#### Dataset excerpts
----------

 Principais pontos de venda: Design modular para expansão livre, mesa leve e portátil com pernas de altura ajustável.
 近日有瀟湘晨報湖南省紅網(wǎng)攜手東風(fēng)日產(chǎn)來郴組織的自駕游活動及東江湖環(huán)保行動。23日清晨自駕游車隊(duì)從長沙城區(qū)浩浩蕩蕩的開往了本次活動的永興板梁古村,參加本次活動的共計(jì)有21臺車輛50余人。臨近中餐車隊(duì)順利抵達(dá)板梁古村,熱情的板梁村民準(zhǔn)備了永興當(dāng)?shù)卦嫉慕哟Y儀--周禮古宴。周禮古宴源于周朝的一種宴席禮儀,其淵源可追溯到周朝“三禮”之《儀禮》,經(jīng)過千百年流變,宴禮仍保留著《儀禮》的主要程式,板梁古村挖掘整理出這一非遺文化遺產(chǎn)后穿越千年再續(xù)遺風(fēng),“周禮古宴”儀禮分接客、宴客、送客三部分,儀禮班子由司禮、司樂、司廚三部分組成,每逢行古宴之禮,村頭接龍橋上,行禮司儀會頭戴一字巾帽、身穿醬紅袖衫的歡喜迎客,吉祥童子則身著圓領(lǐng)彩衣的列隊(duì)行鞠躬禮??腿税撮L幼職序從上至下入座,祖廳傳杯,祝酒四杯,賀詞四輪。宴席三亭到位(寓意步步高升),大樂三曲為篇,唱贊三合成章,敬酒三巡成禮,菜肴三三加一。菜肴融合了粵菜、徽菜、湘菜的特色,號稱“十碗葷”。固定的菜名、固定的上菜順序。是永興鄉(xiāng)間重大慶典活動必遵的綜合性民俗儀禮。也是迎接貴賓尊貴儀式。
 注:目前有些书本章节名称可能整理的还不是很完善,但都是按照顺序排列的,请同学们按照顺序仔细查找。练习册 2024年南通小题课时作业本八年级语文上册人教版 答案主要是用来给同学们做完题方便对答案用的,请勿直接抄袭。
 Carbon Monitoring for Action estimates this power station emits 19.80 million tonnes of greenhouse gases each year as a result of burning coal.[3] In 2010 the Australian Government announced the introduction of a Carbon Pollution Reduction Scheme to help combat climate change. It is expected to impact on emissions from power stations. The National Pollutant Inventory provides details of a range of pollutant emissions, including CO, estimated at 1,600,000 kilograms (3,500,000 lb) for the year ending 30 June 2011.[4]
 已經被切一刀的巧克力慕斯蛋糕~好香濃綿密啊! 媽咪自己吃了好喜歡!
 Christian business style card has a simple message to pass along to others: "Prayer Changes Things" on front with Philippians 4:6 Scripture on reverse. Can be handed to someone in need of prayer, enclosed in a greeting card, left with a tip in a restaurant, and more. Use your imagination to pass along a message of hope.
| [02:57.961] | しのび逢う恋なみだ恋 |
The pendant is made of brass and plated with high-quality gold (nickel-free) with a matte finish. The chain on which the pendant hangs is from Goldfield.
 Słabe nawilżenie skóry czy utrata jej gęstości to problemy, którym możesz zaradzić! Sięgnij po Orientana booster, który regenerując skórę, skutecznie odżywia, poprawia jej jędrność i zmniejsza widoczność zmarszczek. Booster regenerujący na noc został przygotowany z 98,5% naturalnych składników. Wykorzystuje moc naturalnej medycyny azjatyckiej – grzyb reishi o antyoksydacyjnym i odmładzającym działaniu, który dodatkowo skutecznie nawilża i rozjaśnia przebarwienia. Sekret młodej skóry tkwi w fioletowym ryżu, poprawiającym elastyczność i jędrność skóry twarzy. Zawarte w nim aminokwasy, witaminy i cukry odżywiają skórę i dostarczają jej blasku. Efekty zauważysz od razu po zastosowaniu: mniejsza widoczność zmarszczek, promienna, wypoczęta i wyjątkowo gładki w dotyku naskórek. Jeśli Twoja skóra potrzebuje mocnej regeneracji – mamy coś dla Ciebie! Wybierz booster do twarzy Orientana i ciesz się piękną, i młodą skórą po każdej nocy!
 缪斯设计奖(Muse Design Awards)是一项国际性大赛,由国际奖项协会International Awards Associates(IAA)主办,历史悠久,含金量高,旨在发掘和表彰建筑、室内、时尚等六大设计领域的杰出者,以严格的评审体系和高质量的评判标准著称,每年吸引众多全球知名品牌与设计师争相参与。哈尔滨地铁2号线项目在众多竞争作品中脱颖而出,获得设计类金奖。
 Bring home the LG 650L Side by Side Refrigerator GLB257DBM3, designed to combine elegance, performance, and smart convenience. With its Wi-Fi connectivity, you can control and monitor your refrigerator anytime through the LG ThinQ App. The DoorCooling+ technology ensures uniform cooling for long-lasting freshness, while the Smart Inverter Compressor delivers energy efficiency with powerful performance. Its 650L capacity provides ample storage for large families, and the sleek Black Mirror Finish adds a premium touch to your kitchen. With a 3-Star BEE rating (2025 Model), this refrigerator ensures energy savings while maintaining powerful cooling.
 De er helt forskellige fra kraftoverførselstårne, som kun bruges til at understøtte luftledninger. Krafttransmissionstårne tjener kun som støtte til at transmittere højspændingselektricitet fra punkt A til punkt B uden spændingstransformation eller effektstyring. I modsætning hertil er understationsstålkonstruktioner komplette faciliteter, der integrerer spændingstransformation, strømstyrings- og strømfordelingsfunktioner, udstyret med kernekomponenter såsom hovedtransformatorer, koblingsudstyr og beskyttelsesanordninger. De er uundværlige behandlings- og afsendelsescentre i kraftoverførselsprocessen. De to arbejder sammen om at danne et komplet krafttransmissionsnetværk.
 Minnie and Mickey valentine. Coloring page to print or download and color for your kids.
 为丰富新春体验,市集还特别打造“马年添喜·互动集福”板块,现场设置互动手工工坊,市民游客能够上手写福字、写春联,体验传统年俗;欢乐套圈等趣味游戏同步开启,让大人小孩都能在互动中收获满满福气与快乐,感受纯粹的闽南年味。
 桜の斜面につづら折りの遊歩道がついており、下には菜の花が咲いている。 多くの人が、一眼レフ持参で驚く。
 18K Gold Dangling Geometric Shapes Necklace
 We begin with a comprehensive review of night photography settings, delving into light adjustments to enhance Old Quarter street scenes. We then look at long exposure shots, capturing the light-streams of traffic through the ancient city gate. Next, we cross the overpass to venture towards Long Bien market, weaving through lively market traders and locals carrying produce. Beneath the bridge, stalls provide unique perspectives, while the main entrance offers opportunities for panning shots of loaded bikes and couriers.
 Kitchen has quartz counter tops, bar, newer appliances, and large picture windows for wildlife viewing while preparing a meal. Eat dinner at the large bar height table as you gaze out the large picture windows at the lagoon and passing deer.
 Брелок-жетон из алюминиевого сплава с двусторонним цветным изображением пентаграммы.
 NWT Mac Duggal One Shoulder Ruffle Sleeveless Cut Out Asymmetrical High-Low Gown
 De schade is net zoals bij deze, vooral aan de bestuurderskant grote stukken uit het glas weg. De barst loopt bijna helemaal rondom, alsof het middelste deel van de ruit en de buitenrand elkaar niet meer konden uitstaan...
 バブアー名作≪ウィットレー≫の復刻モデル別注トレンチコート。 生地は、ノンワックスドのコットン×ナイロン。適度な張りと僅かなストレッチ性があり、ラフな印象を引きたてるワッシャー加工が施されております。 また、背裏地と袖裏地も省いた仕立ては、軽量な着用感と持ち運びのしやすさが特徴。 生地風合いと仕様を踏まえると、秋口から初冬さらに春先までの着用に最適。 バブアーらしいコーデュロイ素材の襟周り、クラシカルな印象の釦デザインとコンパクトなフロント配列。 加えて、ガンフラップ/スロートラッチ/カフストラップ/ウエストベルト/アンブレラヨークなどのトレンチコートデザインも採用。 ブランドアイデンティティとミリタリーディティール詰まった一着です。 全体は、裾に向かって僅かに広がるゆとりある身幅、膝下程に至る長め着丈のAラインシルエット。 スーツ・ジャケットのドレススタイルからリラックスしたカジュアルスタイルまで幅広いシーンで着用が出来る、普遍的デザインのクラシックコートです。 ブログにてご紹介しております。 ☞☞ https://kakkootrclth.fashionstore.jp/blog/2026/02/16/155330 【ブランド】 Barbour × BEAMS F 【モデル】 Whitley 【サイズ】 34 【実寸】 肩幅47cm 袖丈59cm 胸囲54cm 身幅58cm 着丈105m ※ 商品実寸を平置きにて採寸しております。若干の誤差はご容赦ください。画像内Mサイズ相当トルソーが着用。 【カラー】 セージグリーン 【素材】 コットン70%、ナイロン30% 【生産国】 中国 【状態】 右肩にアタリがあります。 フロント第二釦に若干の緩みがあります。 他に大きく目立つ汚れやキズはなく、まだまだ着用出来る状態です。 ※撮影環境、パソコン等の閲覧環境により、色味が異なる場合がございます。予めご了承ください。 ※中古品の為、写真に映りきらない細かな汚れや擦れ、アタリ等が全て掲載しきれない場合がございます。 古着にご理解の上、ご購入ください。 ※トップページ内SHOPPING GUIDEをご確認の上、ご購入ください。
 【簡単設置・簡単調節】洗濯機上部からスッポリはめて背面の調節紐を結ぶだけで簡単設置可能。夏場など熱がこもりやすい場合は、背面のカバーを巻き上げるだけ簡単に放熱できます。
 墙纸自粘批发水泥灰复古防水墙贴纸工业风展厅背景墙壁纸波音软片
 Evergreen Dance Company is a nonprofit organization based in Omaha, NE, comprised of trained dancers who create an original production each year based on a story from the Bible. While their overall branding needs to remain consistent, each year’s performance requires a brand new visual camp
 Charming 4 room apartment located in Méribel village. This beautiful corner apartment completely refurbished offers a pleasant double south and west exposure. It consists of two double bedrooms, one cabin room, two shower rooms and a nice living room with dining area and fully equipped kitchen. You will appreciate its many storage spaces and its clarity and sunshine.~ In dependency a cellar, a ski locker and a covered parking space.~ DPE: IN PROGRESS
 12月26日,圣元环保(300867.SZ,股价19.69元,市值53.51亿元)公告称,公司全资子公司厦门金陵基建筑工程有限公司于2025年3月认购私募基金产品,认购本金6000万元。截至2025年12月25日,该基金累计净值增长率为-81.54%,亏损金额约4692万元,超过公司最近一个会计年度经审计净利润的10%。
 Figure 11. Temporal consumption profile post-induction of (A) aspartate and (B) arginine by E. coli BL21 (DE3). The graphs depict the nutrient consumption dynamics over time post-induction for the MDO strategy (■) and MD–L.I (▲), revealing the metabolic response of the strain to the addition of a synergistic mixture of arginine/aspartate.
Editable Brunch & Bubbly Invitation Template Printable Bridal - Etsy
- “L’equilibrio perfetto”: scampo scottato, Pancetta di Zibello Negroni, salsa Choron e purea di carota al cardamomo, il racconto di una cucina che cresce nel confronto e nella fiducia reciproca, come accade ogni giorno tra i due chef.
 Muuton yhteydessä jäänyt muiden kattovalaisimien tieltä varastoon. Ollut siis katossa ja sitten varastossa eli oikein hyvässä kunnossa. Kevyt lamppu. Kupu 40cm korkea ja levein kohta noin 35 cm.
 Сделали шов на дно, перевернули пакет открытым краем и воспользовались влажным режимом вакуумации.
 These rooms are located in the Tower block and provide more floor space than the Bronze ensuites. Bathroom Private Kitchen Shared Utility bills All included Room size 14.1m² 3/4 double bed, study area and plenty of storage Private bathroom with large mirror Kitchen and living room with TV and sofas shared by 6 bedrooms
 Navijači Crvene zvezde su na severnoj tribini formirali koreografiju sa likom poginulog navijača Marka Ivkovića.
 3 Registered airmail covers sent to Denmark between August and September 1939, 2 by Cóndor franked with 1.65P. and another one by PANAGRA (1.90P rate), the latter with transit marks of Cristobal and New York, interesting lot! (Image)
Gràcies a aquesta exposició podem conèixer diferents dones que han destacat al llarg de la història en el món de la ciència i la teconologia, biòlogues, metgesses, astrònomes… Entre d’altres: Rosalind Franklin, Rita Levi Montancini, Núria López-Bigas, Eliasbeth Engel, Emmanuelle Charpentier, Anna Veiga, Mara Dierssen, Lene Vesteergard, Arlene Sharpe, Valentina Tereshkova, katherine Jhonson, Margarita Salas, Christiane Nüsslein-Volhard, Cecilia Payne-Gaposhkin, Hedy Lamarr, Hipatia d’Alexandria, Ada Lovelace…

----------

#### Work task
From the listing above, repeat exactly the lines starting at the line that includes "NWT Mac Duggal" and ending at the line that includes "墙纸自粘批发水泥灰复古防水墙贴纸工业风展厅背景墙壁纸波音软片", with nothing outside that span.

#### Response box
 NWT Mac Duggal One Shoulder Ruffle Sleeveless Cut Out Asymmetrical High-Low Gown
 De schade is net zoals bij deze, vooral aan de bestuurderskant grote stukken uit het glas weg. De barst loopt bijna helemaal rondom, alsof het middelste deel van de ruit en de buitenrand elkaar niet meer konden uitstaan...
 バブアー名作≪ウィットレー≫の復刻モデル別注トレンチコート。 生地は、ノンワックスドのコットン×ナイロン。適度な張りと僅かなストレッチ性があり、ラフな印象を引きたてるワッシャー加工が施されております。 また、背裏地と袖裏地も省いた仕立ては、軽量な着用感と持ち運びのしやすさが特徴。 生地風合いと仕様を踏まえると、秋口から初冬さらに春先までの着用に最適。 バブアーらしいコーデュロイ素材の襟周り、クラシカルな印象の釦デザインとコンパクトなフロント配列。 加えて、ガンフラップ/スロートラッチ/カフストラップ/ウエストベルト/アンブレラヨークなどのトレンチコートデザインも採用。 ブランドアイデンティティとミリタリーディティール詰まった一着です。 全体は、裾に向かって僅かに広がるゆとりある身幅、膝下程に至る長め着丈のAラインシルエット。 スーツ・ジャケットのドレススタイルからリラックスしたカジュアルスタイルまで幅広いシーンで着用が出来る、普遍的デザインのクラシックコートです。 ブログにてご紹介しております。 ☞☞ https://kakkootrclth.fashionstore.jp/blog/2026/02/16/155330 【ブランド】 Barbour × BEAMS F 【モデル】 Whitley 【サイズ】 34 【実寸】 肩幅47cm 袖丈59cm 胸囲54cm 身幅58cm 着丈105m ※ 商品実寸を平置きにて採寸しております。若干の誤差はご容赦ください。画像内Mサイズ相当トルソーが着用。 【カラー】 セージグリーン 【素材】 コットン70%、ナイロン30% 【生産国】 中国 【状態】 右肩にアタリがあります。 フロント第二釦に若干の緩みがあります。 他に大きく目立つ汚れやキズはなく、まだまだ着用出来る状態です。 ※撮影環境、パソコン等の閲覧環境により、色味が異なる場合がございます。予めご了承ください。 ※中古品の為、写真に映りきらない細かな汚れや擦れ、アタリ等が全て掲載しきれない場合がございます。 古着にご理解の上、ご購入ください。 ※トップページ内SHOPPING GUIDEをご確認の上、ご購入ください。
 【簡単設置・簡単調節】洗濯機上部からスッポリはめて背面の調節紐を結ぶだけで簡単設置可能。夏場など熱がこもりやすい場合は、背面のカバーを巻き上げるだけ簡単に放熱できます。
 墙纸自粘批发水泥灰复古防水墙贴纸工业风展厅背景墙壁纸波音软片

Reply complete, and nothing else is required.